Disclosure of Invention
The invention aims to overcome the defects of the prior art, and provides a sintered neodymium-iron-boron magnet rapid-hardening sheet casting device and a method thereof, which can effectively inhibit the generation of dendrites in the inside of the rapid-hardening sheet in the preparation link of the neodymium-iron-boron magnet rapid-hardening sheet.
In order to solve the technical problems, the invention adopts the following technical scheme.
The invention relates to a sintered NdFeB magnet rapid hardening sheet casting device, which comprises a smelting furnace, a pouring gate, an ultrasonic vibration device, an electromagnetic stirring device and a copper roller; the ultrasonic vibration device is arranged on the pouring channel between the smelting furnace and the copper roller; the electromagnetic stirring device is arranged below the pouring channel; in the casting process of the sintered neodymium-iron-boron magnet rapid hardening sheet, molten alloy liquid of a smelting furnace flows on a pouring gate, and is cast onto a rotating copper roller under the action of an ultrasonic vibration device and an electromagnetic stirring device to obtain the neodymium-iron-boron alloy rapid hardening sheet.

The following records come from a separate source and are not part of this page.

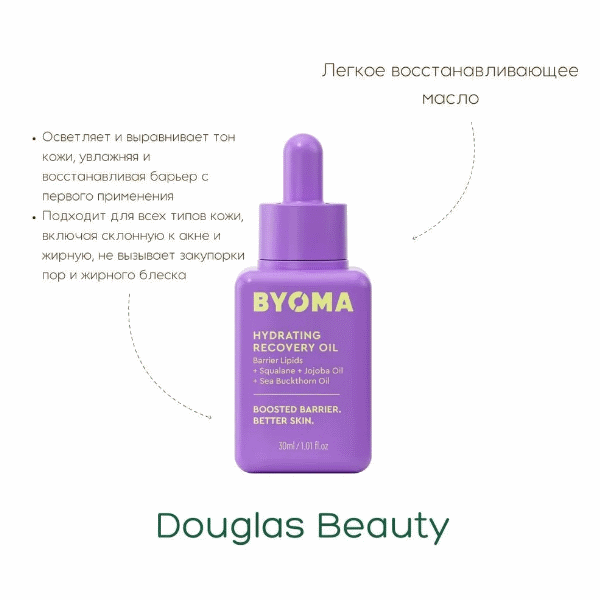 Подарите своей коже роскошный уход с сывороткой BYOMA Hydrating Recovery Oil объемом 30 мл. Это высокоэффективное средство для лица помогает восстанавливать и увлажнять кожу, удовлетворяя ее потребности в интенсивном питании и заботе. Экстракты натуральных масел и активных компонентов легко проникают в глубокие слои эпидермиса, обеспечивая максимальное увлажнение и создавая защитный барьер от воздействия внешних факторов. Подходит для всех типов кожи, сыворотка создана с целью вернуть ей здоровое сияние, гладкость и молодость, которые так важны для уверенности в себе и своей красоте. Приятная текстура и легкий аромат делают использование BYOMA Hydrating Recovery Oil по-настоящему приятным ритуалом, который вы захотите повторять изо дня в день. Формула сыворотки была разработана с учетом последних достижений в косметологии, чтобы каждая капля приносила вашей коже только пользу. Добавьте это must-have средство в свой повседневный уход за кожей и наслаждайтесь видимыми результатами уже через несколько применений. Нежные растительные масла помогают успокоить раздраженную кожу, уменьшают покраснения и воспаления, а также способствуют регенерации клеток, что делает сыворотку BYOMA Hydrating Recovery Oil идеальным выбором для тех, кто стремится к здоровому и ухоженному виду лица.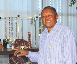 Il s’agit de Henri Andrianasolo Razafindralambo, plus connu sous le pseudonyme de Ralambo. Spécialiste en lapidairerie, cet artiste qui a derrière lui près de quatre décennies d’expériences y dévoile ses nombreux objets de décoration mettant principalement en valeur les pierres de décoration. Pour cet artiste, les livres, les magazines et les films documentaires constituent une source intarissable d’inspiration puisque cet art évolue dans le temps et dans l’espace.
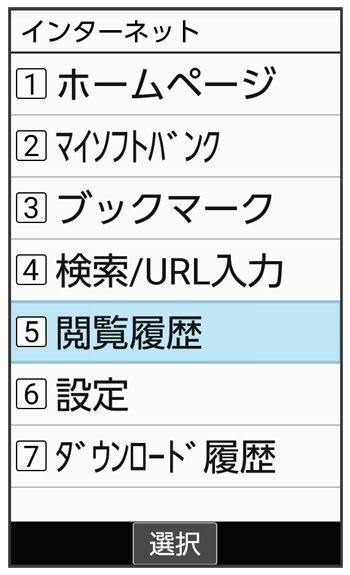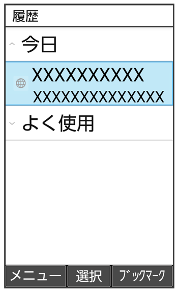 履歴画面で履歴を選択- 履歴がブックマークに登録済みのときはと操作すると、ブックマークから削除できます。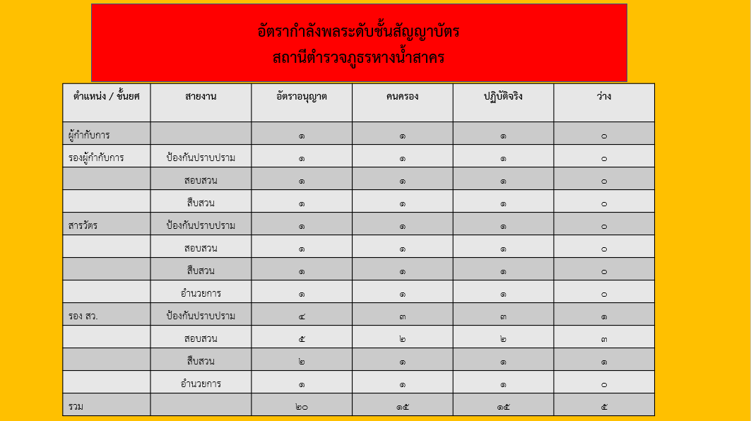 1.สายตรวจรถยนต์ (ร้อยเวร20) รับผิดชอบในเขตตำบลหางน้ำสาคร ตำบลไร่พัฒนา ตำบลอู่ตะเภา

Further, the ultrasonic vibration device comprises an ultrasonic power supply, an ultrasonic transducer, an ultrasonic amplitude transformer and an ultrasonic vibration rod; the ultrasonic vibration rod is fixed at the position 2-3 mm above the pouring gate, and when molten alloy liquid passes through the pouring gate, the ultrasonic vibration device vibrates the flowing alloy liquid by using the ultrasonic vibration rod; the ultrasonic vibration rod 304 adopts a three-rod structure, and the three rods are distributed in a shape like a Chinese character 'pin'.
Further, the electromagnetic stirring device comprises a variable frequency power supply, a magnetic field generator and a water chiller; the upper end surface of the magnetic field generator is in contact with the lower surface of the runner, and the magnetic field generator applies electromagnetic stirring to the molten alloy liquid as it passes through the runner.
Further, the power of the ultrasonic vibration device is 1000W, and the working frequency is 25-50 kHZ.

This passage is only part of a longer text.